Unenforceable ban on atheists holding public office still on the books in 8 states
This is an old story but after reading an article about a study [PDF] suggesting there are many atheists who don’t want to admit they’re atheists, I remembered reading about how a country which prides itself as a world leader in personal freedom still has laws banning atheists from public service.
My memory was correct, and that country is the United States. Oyez, which publishes Supreme Court resources including audio of oral arguments, has a great page on the 1960 case which declared such laws unconstitutional (as if anyone should have needed the Supreme Court to tell them that…).
In Torcaso v.
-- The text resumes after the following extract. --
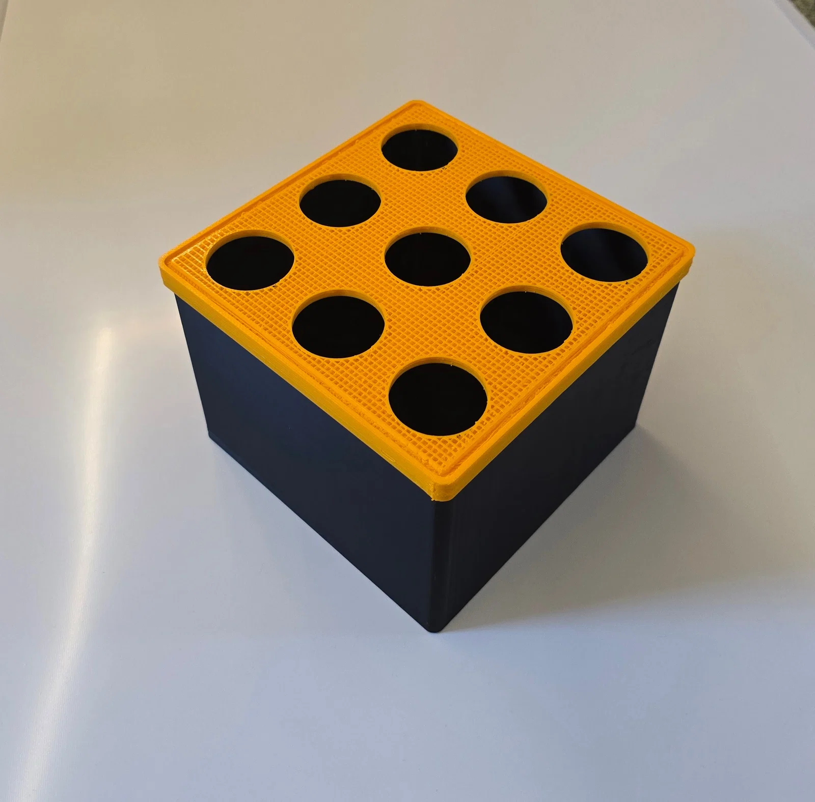 - Mình dùng “support” như một cách để tạo lưới ở phía trên cái nắp, nên mình mới upload file .3mf.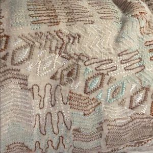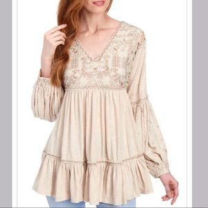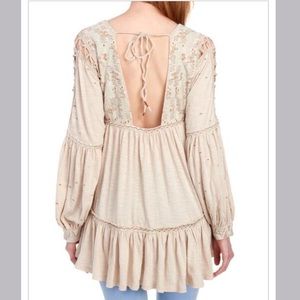 A bohemian-inspired design from Free People, the Much Love tunic features colorful embroidery, lacing details on the balloon sleeves, an open back with a tie closure and a relaxed, oversized silhouette.

Watkins, the Court held unanimously that, quoting Oyez:
such a requirement places the state of Maryland firmly on the side of those people who believe in God and are willing to state their belief. With this requirement, Maryland effectively aids religions that profess a belief in God at the expense of any other form of belief or disbelief. Insurance does not cover ED pills such us Levitra, buy Vardenafil from this site https://www.caladrius.com/levitra/ which is much cheaper than Levitra. The First Amendment expressly prohibits a state from taking this position. Although the candidate has the option of not pursuing public office rather than declaring a belief in God, the test is an unconstitutional encroachment on the freedom of religion.
So these laws aren’t enforceable, but the fact that they’re still on the books is an affront to the Constitution and should embarrass any lawmaker who claims to respect that Constitution.
Tim Cook: Pro-discrimination ‘religious freedom’ laws are dangerous
Tim Cook, in an op-ed at the Washington Post:
Our message, to people around the country and around the world, is this: Apple is open. Open to everyone, regardless of where they come from, what they look like, how they worship or who they love. Regardless of what the law might allow in Indiana or Arkansas, we will never tolerate discrimination.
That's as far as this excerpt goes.